- **AIM OF THE EXERCISE**
Below are the records. Retype exactly the lines between the lines holding "Na mesma panela" and "Clarks Bendables Sandals", inclusive.

- **PROVIDED INFORMATION**
· · · · ·

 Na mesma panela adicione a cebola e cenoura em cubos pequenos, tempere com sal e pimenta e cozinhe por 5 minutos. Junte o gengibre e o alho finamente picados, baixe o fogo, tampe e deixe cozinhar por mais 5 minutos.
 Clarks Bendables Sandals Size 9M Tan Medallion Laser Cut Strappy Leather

· · · · ·

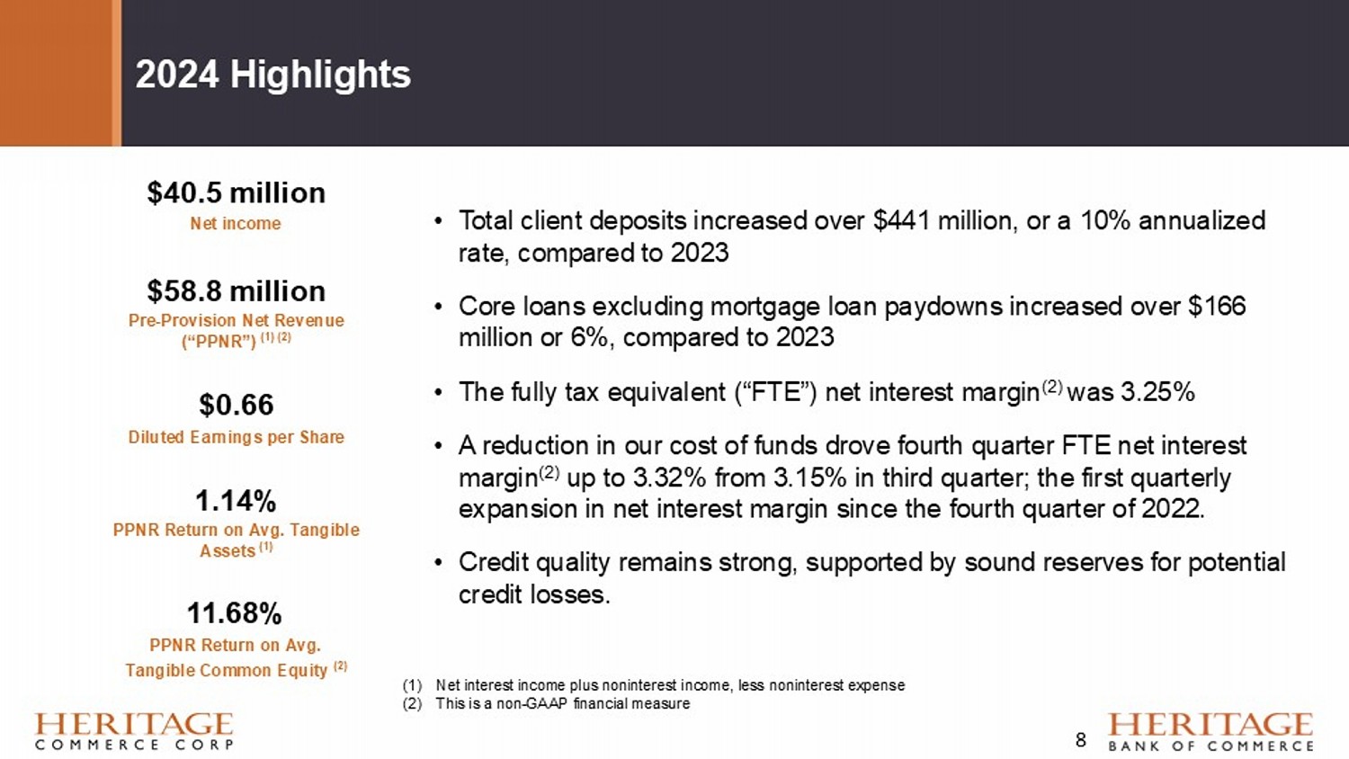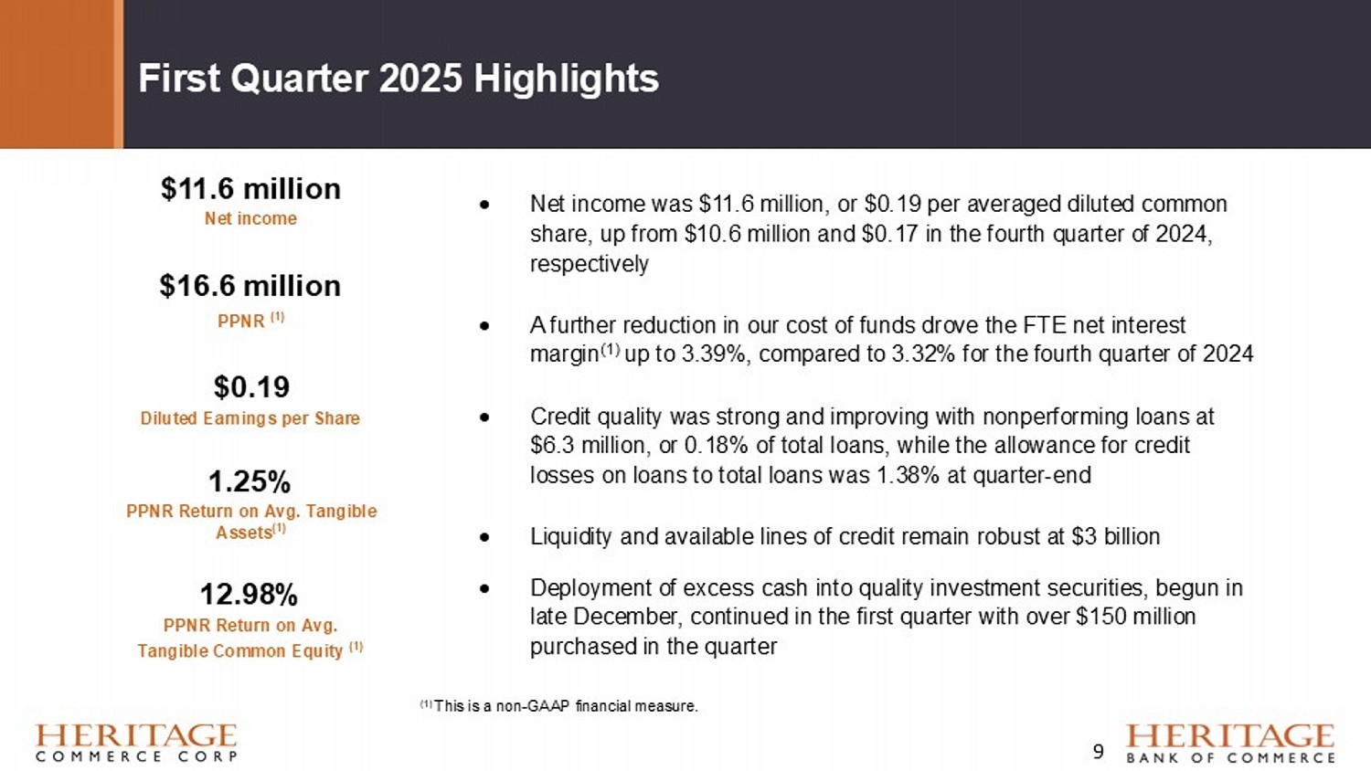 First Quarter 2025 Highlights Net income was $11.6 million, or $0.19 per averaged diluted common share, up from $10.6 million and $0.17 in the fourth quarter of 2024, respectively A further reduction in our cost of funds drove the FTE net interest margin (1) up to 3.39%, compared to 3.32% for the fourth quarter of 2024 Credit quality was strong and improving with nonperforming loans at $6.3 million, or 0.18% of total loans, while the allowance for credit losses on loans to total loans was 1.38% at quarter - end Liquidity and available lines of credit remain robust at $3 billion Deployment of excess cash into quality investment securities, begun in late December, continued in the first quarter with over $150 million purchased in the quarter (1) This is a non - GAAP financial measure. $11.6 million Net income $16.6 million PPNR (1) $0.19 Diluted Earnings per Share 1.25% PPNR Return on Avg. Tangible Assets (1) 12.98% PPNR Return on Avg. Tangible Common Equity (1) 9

· · · · ·

- **WORKED SOLUTION**
 Na mesma panela adicione a cebola e cenoura em cubos pequenos, tempere com sal e pimenta e cozinhe por 5 minutos. Junte o gengibre e o alho finamente picados, baixe o fogo, tampe e deixe cozinhar por mais 5 minutos.
 Clarks Bendables Sandals Size 9M Tan Medallion Laser Cut Strappy Leather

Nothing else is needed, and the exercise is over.